The Competition Bill 2023: Deals with a transaction value of more than Rs 2,000 cr to require CCI nod
Apr 03, 2023
New Delhi [India], April 3 : The Competition (Amendment) Bill 2023 has been cleared by both the houses of Parliament.
The Bill was passed today amid ruckus in the Parliament as the Opposition raised slogans on the Adani-Hindenburg issue and continued with their demand for a joint parliamentary committee-led probe on the issue.
Deals with a transaction value of more than Rs 2,000 crore, according to the Bill, will require the approval of the Competition Commission of India (CCI).
In view of making the assessment for combinations time-bound and quicker, the Bill proposes that the overall time-limit for such assessment to be reduced from the existing 210 days to 150 days from the date of filing of combination notice by the parties. Further, prima facie opinion be framed on combination notifications within a time-period of 30 days from the receipt of such notice, failing which the combination shall be considered as deemed approved;
According to a note on the Competition Amendment Bill, the introduction of a Green Channel route for certain combinations which shall be eligible for deemed approval in a trust-based framework, upon filing of a combination notice. CCI has recently introduced a Green Channel, for an automatic approval of combinations.
Another salient feature is that only factors namely, wholesale price index or fluctuations in exchange rate of rupee or foreign currencies, are currently considered relevant for revision of combination thresholds. Other factors are being provided through official amendments to factor in situations like global competitive scenarios or revision of thresholds in other jurisdictions etc. It is also being provided that the government after considering all these factors may also keep the thresholds at the same level.
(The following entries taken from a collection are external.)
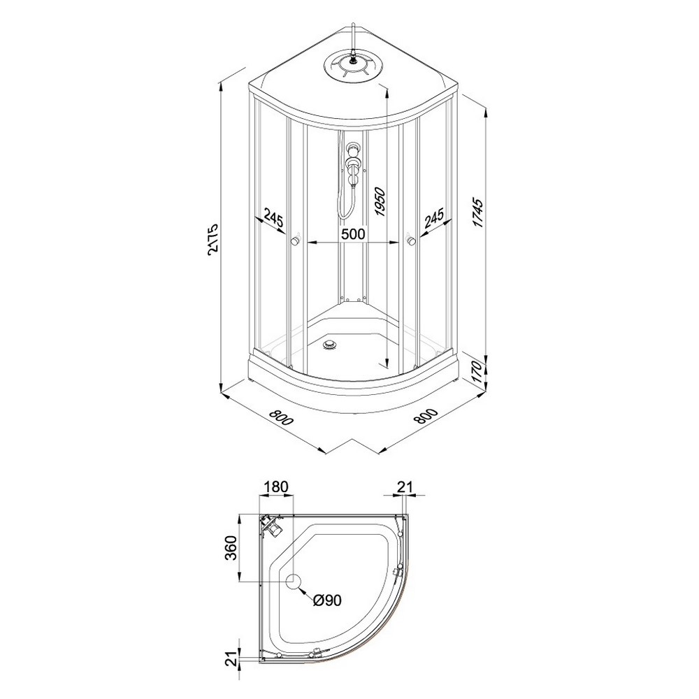 | Габариты | 80 × 80 × 217 см |
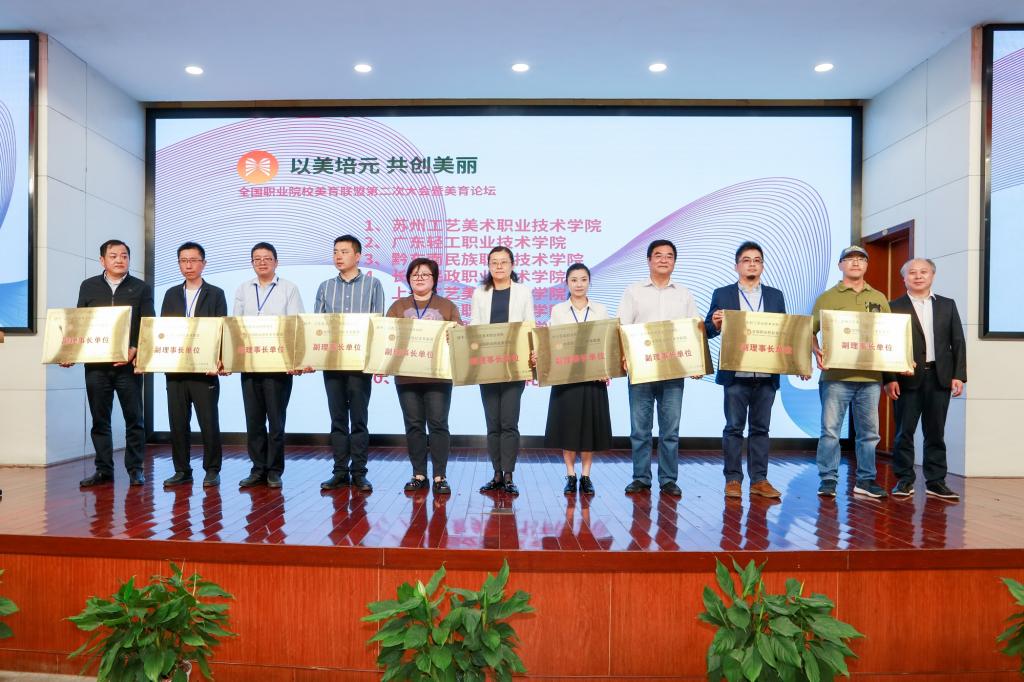 近日,由全国职业院校美育联盟主办的“以美培元 共创美丽”全国职业教育美育联盟第二次大会暨美育论坛在常州纺织服装职业技术学院召开,我校作为副理事长单位受邀参加。来自全国各地的美育领域专家学者、工艺美术大师、兄弟院校同仁、文化艺术领域和企事业单位的代表150余人参会。
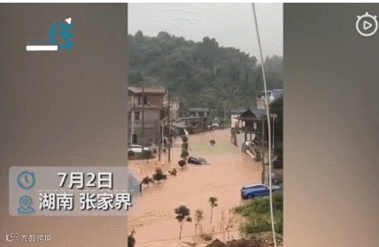湖南张家界赵家岗新安村暴雨引发山洪灾害,小汽车卷入洪流中,所幸司机得以爬窗逃生。
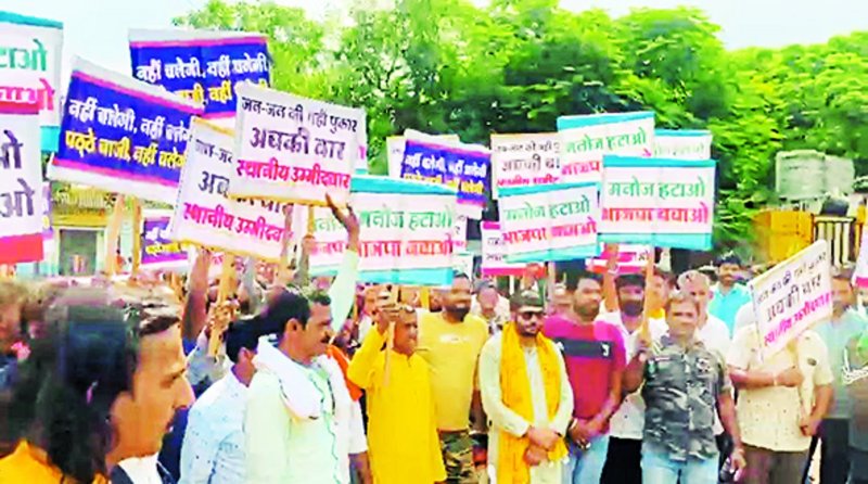 कार्यकर्ता शुरू से ही स्थानीय उम्मीदवार की मांग कर रहे थे, लेकिन मनोज का नाम उम्मीदवार के रूप में घोषित होने के बाद उनका सब्र का बांध टूट गया और सडक़ पर प्रदर्शन करने उतर आए। देपालपुर के साथ ही महू, विधानसभा चार, विधानसभा पांच में भी विरोध के स्वर उठते रहे हैं। महू और देपालपुर में स्थानीय उम्मीदवार की मांग उठ रही है। कार्यकर्ताओं ने पोस्टर तक लगाए थे। बावजूद इन सबके दिल्ली दरबार से हाल ही में प्रदेश में उम्मीदवारों की जारी दूसरी सूची में देपालपुर से मनोज का नाम आने पर जमकर विरोध शुरू हो गया है। कल मनोज के विरोध में सैकड़ों युवा, स्थानीय जनप्रतिनिधि, कार्यकर्ता देपालपुर व हातोद में सडक़ों पर उतर आए। दोपहर से देर शाम तक जारी विरोध के दौरान कार्यकर्ता हाथों में मनोज हटाओ-बीजेपी बचाओ और पट्ठेबाजी नहीं चलेगी जैसे पोस्टर भी थे। कार्यकर्ताओं ने जमकर नारेबाजी करते हुए पटेल के टिकट का खुला विरोध किया। कार्यकर्ताओं में इतना आक्रोश था कि उन्होंने बीच सडक़ पर पटेल का पुतला फूंक दिया। कार्यकर्ता उन्हें बाहरी उम्मीदवार के मुद्दे पर भी घेर रहे थे। भाजपा कार्यकर्ताओं ने देपालपुर-हातोद में मनोज के खिलाफ
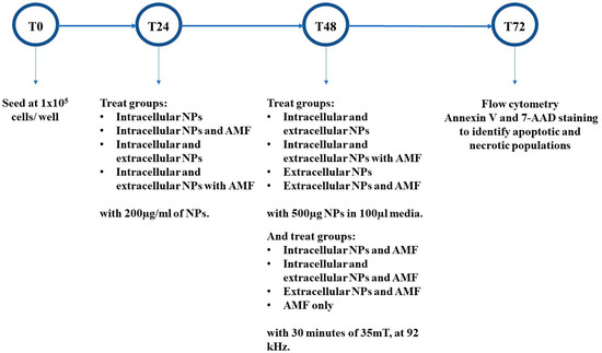 Summary of in vitro magnetic hyperthermia protocol. BxPC-3 cells are seeded at time zero (T0). Cells to contain intracellular nanoparticles are treated with 200 µg/mL at 24 h (T24). At 48 h (T48), cells exposed to extracellular nanoparticles are treated with 500 µg of nanoparticles in 100 µL media, and cells to be treated with magnetic fields, are exposed to 35 mT at 92 kHz for 30 min. Finally, at 72 h (T72), all treatment groups are stained with annexin V and 7-AAD and analysed by flow cytometry for detection of apoptotic and necrotic cells. Abbreviations: NPs, nanoparticles; AMF, alternating magnetic field.
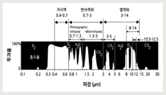 [그림 8] 파장별 대기 투과율 및 주요 흡수 기체
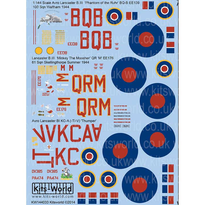 このセットでは1944年ウォルサムにおけるイギリス空軍第100飛行隊所属の爆撃機、アブロランカスターBIIIのEE139に描かれたマーキング、1944年RAFウッドホールにおけるイギリス空軍第617飛行隊所属の爆撃機、アブロランカスターBIに描かれたマーキング、そして1944年ボーンにおけるイギリス空軍第97飛行隊所属の爆撃機、アブロランカスターBIIIのEE176に描かれたマーキングを収録。
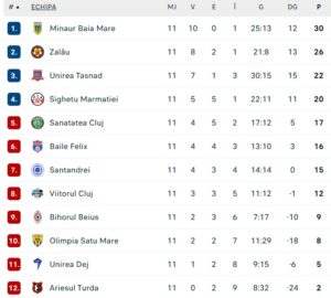 La jumătatea sezonului regulat, echipele situate pe primele patru poziții în Seria 8 din Liga 3, cele care duc în play-off, sunt CS Minaur (30 de puncte), SCM Zalău (26 p), Uniea Tășnad (22 p) și CSM Sighetu Marmației (20 p).
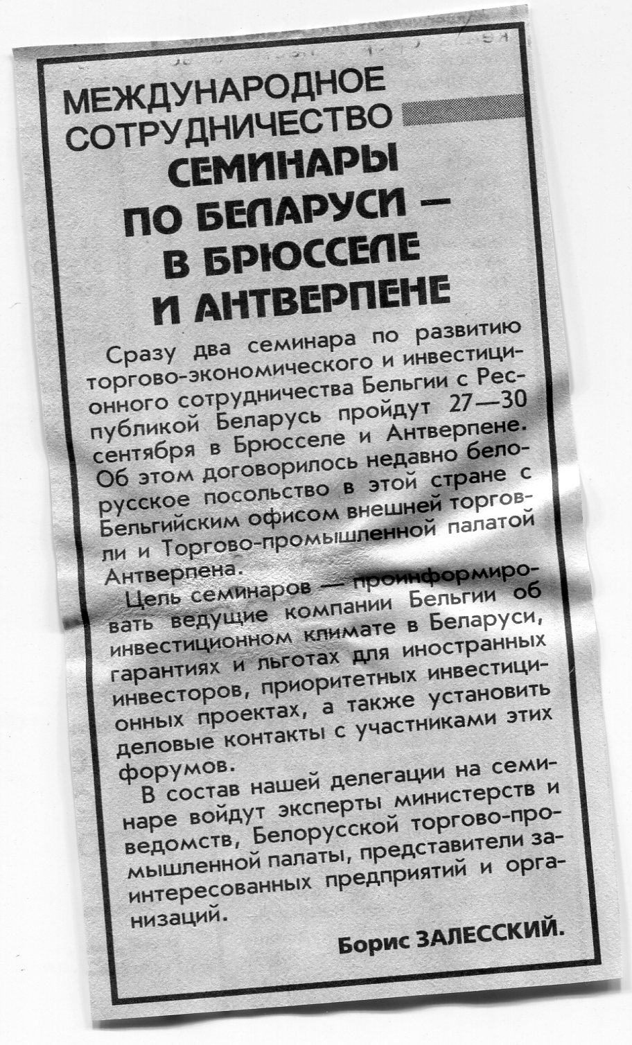 Залесский, Б. Семинары по Беларуси - в Брюсселе и Антверпене / Б. Залесский // Вечерний Минск. - 1999. - 19 авг.
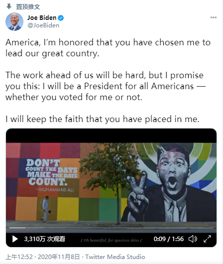 祝贺拜登当选总统,哈里斯当选副总统。感谢选举官员和竞选工作人员,他们为确保创纪录数量的美国人投票进行了孜孜不倦的努力,并在我们国家面临挑战的时刻进行计票。
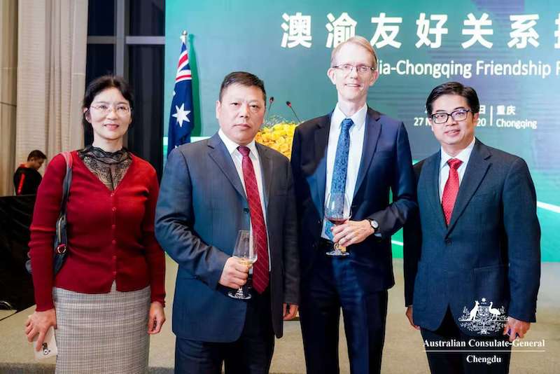 11月27日晚,澳渝友好关系招待会在重庆国金中心举行,澳大利亚驻中华人民共和国大使 Graham Fletcher 阁下出席招待会。校长张卫国教授、国际处张发钧处长及捷克论坛 副院长张萌参会。重庆市政府外事相关部门、各界代表参会,共同展望新时期澳渝关系美好发展前景。
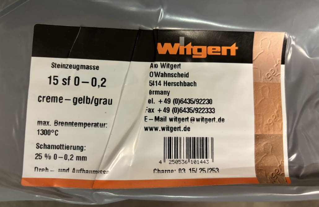 Witgert 15 är en Gul/Creamfärgad stengodslera med 25%  chamotte med en kornstorlek på 0–0,2 mm. Bränns vid 1000–1300 °C.
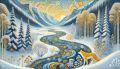 Winter's Majesty Along the Colorado River: A Klimt-Inspired Vista

At present, the government has the option only of either enhancing or reducing the thresholds by way of notification.
According to the note, there are certain other amendments that have been proposed to include changes in certain definitions like that of 'enterprise', 'relevant product market', 'Group', 'Control', etc, whereas the scope of anti-competitive agreements to be widened to include agreements other than vertical and horizontal agreements which are anti-competitive in nature.
It also said a party which participates or intends to participate in furtherance of an anti-competitive horizontal agreement to be covered along with parties to such an agreement.
Another salient feature is a limitation period of three years for filing information before CCI to ensure that only genuine cases that adversely affect competition in the market are considered by the Commission.
According to the note, the scope of inter-regulatory consultations to be enhanced on matters raised before the authorities (CCI and other regulators), to bring more certainty for businesses.
A leniency plus framework is proposed to incentivise the parties in an ongoing cartel investigation to disclose information regarding other existing cartels, it added.
The Bill also brings in the power to appoint Director General (DG) by the Commission, instead of the central government for bringing in more operational and administrative efficiency in the functioning of the Commission. However, such appointment will be after the prior approval of the central government as a check and balance and to ensure independence of the working of the office of DG.
According to the note, keeping in view the concerns of the Standing Committee, the definition of agent in the Bill is being modified through official amendments. Thus, only persons employed as legal advisors by persons under investigation may be called for examination in course of investigation by the DG.
Another salient feature is the introduction of a Settlement and Commitments framework in cases of abuse of dominance and anti-competitive agreements, except for horizontal agreements. In case of settlement, compensation can be claimed by the Third Parties, if aggrieved.
The existing provision for fine/ imprisonment under the said Act by the National Company Law Appellate Tribunal (NCLAT) to be replaced with punishment for contempt, in accordance with the provisions of the Contempt of Courts Act, 1971, and word 'fine' to be replaced with 'penalty' in some other provisions of the Act which empower the Commission to impose penalties for various non-compliances.
It also added the Commission may issue guidance notes on matters including manner of calculation of penalty that may be imposed for contravention of the provisions of the Act for greater transparency and certainty in its enforcement practices. For greater transparency and participation of stakeholders in making sub-ordinate legislation, it is proposed that CCI may issue regulations only after public consultation.
In the Competition Amendment Bill, which was introduced in the Lok Sabha, an explanation was inserted to Section 27 (b) to provide for determination of turnover through regulations framed by the Commission. It was thought that this would provide flexibility to the Commission for imposition of a penalty up to total turnover of an enterprise or a party.
Reportedly, the Bill was introduced in the Lok Sabha in August 2022, during the Monsoon Session of the Parliament, and subsequently, it was referred to the Parliamentary Standing Committee on Finance for examination.